> _Activity_: Exactly the lines below starting at the line with "Римская штора производителя" and ending at the line with "Silhouettes of men" are wanted, with both ends included. Leave out the pictures and add no other lines.

> _Data block_:
*** Begin section ***

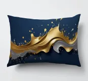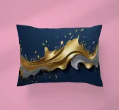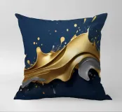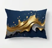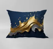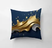 Una composizione astratta che mostra onde dinamiche di oro e argento, intrecciate con spruzzi vibranti su uno sfondo blu profondo, ideale per sfondi desktop e sfondi artistici.
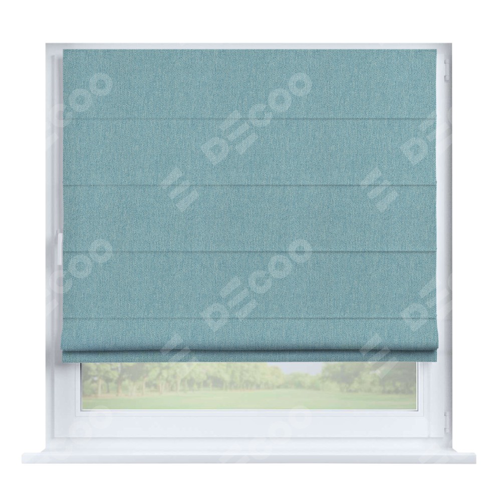 Римская штора производителя «Cortin», устанавливается на створку окна, пошита из ткани твид блэкаут небесно-голубой, артикул 21578. Штора шьётся по индивидуальным размерам, для данного типа римской шторы возможная ширина от 35 до 150 см., высота до 250 см.
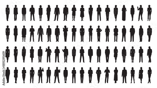 Silhouettes of men in various poses in dark uniform on white background for business illustration
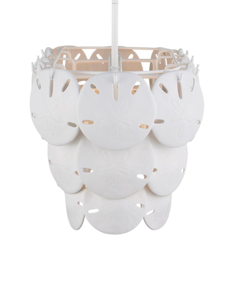 Marjorie Skouras designed the Tulum Oval Chandelier, inspired by the tropical beauty of the Yucatan Peninsula where she lives. This is an elegantly delicate design, as the sand dollars are cast in semi-translucent bone China and they make a pretty sound when a strong breeze ruffles them. There are three sizes of removable sand dollars on this design, which makes it easy to clean. The sugar white finish on the hardware complements the pale discs on this nature-inspired chandelier, making it apropos for rooms overlooking the ocean. Adjustable from 17.5" to 59.5" with use of included chain/rod kit/cable. If your space calls for a longer drop, additional chain/rods/cable is available for purchase.

*** End section ***

> _Problem solution_:
 Римская штора производителя «Cortin», устанавливается на створку окна, пошита из ткани твид блэкаут небесно-голубой, артикул 21578. Штора шьётся по индивидуальным размерам, для данного типа римской шторы возможная ширина от 35 до 150 см., высота до 250 см.
 Silhouettes of men in various poses in dark uniform on white background for business illustration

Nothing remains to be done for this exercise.